Raised on a Kentucky farm, Brown began to investigate herbicide molecules and their activity while working on his degrees and managing his own farming operation.
He’s found that no-tillers with hard water may be losing some, or even most of their glyphosate activity before they even head for the fields — and those that think they’re already addressing the issue might still be missing the mark.

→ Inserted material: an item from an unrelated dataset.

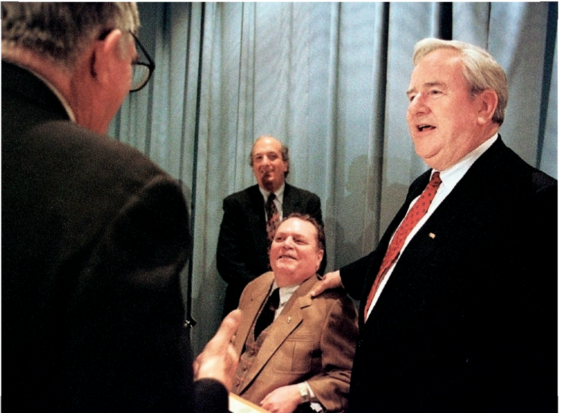
Above: After Hustler owner Larry Flynt, left, published a lewd parody of Virginia televangelist Rev. Jerry Falwell, right, Falwell sued Flynt for libel. The case reached the U.S. Supreme Court where Chief Justice William Rehnquist wrote that Falwell, as a public figure, must tolerate such attacks in order to give sufficient "breathing space" to the freedoms protected by the First Amendment.

Courts in the United States, however, were slow to recognize a right to privacy. Although the Supreme Court has interpreted the Fourth Amendment of the U.S. Constitution to protect individuals from unreasonable searches and seizures, as well as other unwarranted

Essentially, no-tillers with hard water may be unknowingly spraying a lesser rate and getting a reduced response because of how glyphosate interacts with the minerals in the water, says Brown, who earned an undergraduate degree in chemistry and agriculture from Western Kentucky University and a doctorate from the University of Alabama.
Besides being a wasted herbicide investment, this interaction can be a recipe for weed disaster.
“The trend I’m seeing is that regions with hard water are having higher incidence of glyphosate-resistant weeds,” Brown told no-tillers at the National No-Tillage Conference earlier this year. “I’m not promising you that I can kill resistant pigweed or resistant marestail by addressing hard-water issues. But we’re losing activity right out of the gate.”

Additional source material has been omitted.